Als Gentleman alter Prägung und stets arbeitswilliger Künstler hat sich der Schauspieler Mario Adorf einen Namen gemacht. Er war in zahlreichen Genres zu sehen, von Spaghetti-Western bis hin zum Studiofilm. Mit 95 Jahren ist er nun verstorben.
Das Zitat «Schauen Sie mal böse!» markierte den Beginn seiner Karriere. Hollywood-Regisseur Robert Siodmak bat ihn zum Vorsprechen für den Krimi «Nachts, wenn der Teufel kam», in dem es um den mutmaßlichen Frauenmörder Bruno Lüdke ging. Adorf, damals Mitte Zwanzig und stattlich gebaut, hatte auf der Bühne der Münchner Kammerspiele Eindruck hinterlassen.
Trotz mehrfacher Versuche gelang es ihm nicht, die geforderte bösartige Miene zu zeigen. Dennoch erhielt Adorf die Rolle – möglicherweise wegen seiner überzeugenden Präsenz und der Aura einer Mischung aus eruptiver Kraft und kindlicher Naivität. Bald wurde er als irrsinniger Verbrecher in «Nachts, wenn der Teufel kam» bekannt (1957), was seinen Aufstieg zum Star einleitete.
Adorf selbst beschrieb seine abenteuerliche Herkunft: Geboren 1930 in Zürich als Sohn eines sizilianischen Chirurgen und einer elsässischen Röntgenassistentin, durchlitt er harte Kinderjahre bei seiner alleinerziehenden Mutter in der Eifel. Erzählungen von seinem Vorsprechen an der Otto-Falkenberg-Schule, als er über die Bühne stürzte und den Zuschauerraum erreichte, machten ihn legendär.

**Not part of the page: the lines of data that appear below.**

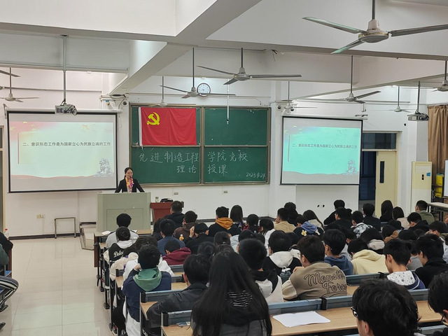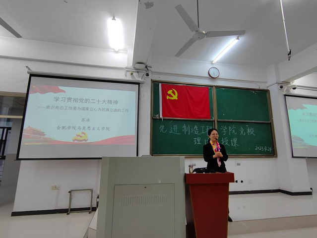 為加強大學生對意識形態的認識,2023年4月24日18點30分,先進制造工程學院分黨校邀請了合肥學院馬克思主義學院副院長蘇冰教授為第七期入黨積極分子培訓班講授“學習貫徹黨的二十大精神——意識形態工作是為國家立心為民族立魂的工作”專題黨課。本次黨課由機制學生黨支部書記威力旺老師主持,先進制造工程學院分黨校第七期入黨積極分子班153名學員和學生黨支部23名黨員參加了本次理論授課。
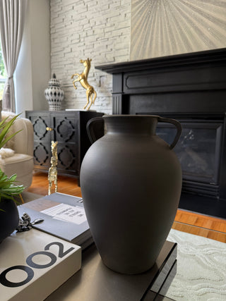 X-Large 3 Handle White Artisan Handcrafted Terracotta Vase
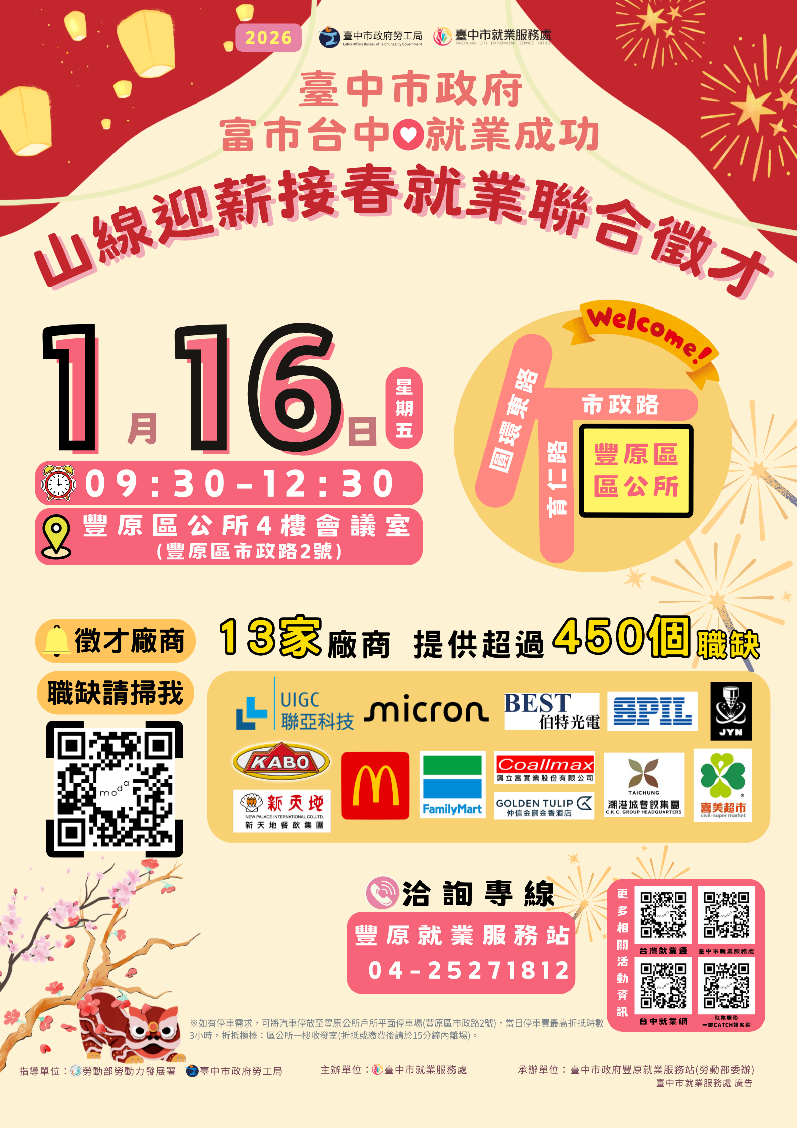 01/16(五)臺中市政府2026「富市台中 就業成功」山線迎薪接春就業聯合徵才

Zu einem Entertainer mit tiefem Bariton entwickelte sich Adorf erst später. Anfangs verkörperte er auf der Leinwand meist Fieslinge und Bösewichte. Mit dem Bundesfilmpreis als bester Nachwuchsdarsteller zog es ihn nach Italien, wo er in den 1960er Jahren Filme mit Mafia- und Spaghetti-Western-Elementen drehte, neben Stars wie Nino Manfredi und Sophia Loren.

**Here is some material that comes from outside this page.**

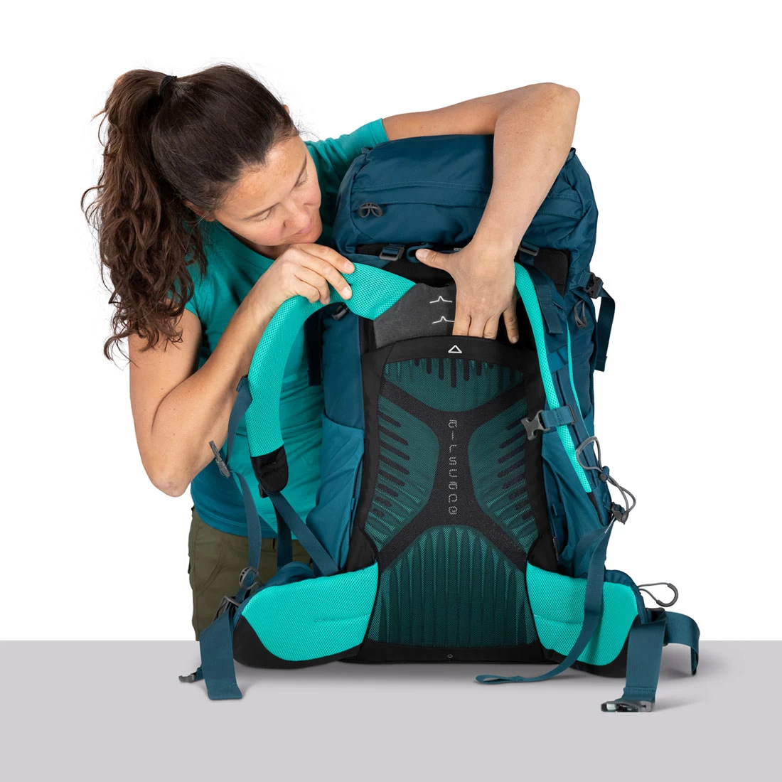The AirScape backpanel offers adjustable torso lengths, while the spacermesh harness and hipbelt comfortably carry heavy loads, and a slim profile doesn’t get in the way of the task at hand.

Adorf meinte einmal: «Das Böse, das wir gerne aus der Welt lügen», sei nicht nur außerhalb von uns; es stecke auch in jedem. Seine Filmrollen entwickelten sich vom hirnlosen Sadisten zum gewieften Unternehmertypus, wie er ihn unter anderem bei Helmut Dietl darstellte.
Unter Dieter Wedels Regie überzeugte Adorf als Kaufhaus-König und Immobilienhai. Privat galt er als Gentleman vom alten Schlag – ein fleißiger Arbeiter bis ins hohe Alter. Mit weit über zweihundert Rollen in Film, Fernsehen und Theater zeigte er große Gesten und zarte Andeutungen; sein sanftes Lächeln war unvergesslich.
Seine Einflussnahme auf die von ihm mitgestalteten Produktionen wurde unterschiedlich bewertet. Volker Schlöndorff nannte ihn einen «alten Fuchs», während Rainer Werner Fassbinder ihn als «Diva» verspottete. Letztendlich wollten sie alle wieder mit ihm arbeiten.
Schlöndorff besetzte Adorf zweimal: 1975 in «Die verlorene Ehre der Katharina Blum» und später in «Die Blechtrommel». Seine Wandelbarkeit schätzten die Regisseure besonders. Adorf selbst sprach über seinen schauspielerischen Ansatz ohne Ego, ausgebildet bei Brecht und unter renommierten Regisseuren wie Fritz Kortner.
Sein umfangreiches Repertoire reichte vom ersten «Winnetou»-Film bis zu seinem letzten Auftritt als Karl Marx 2019. Adorf suchte aktiv das Glück, arbeitete in Paris, Saint-Tropez und Mexiko mit renommierten Regisseuren wie Claude Chabrol und Billy Wilder zusammen. Am Mittwoch verstarb er nach kurzer Krankheit in seiner Pariser Wohnung im Alter von 95 Jahren.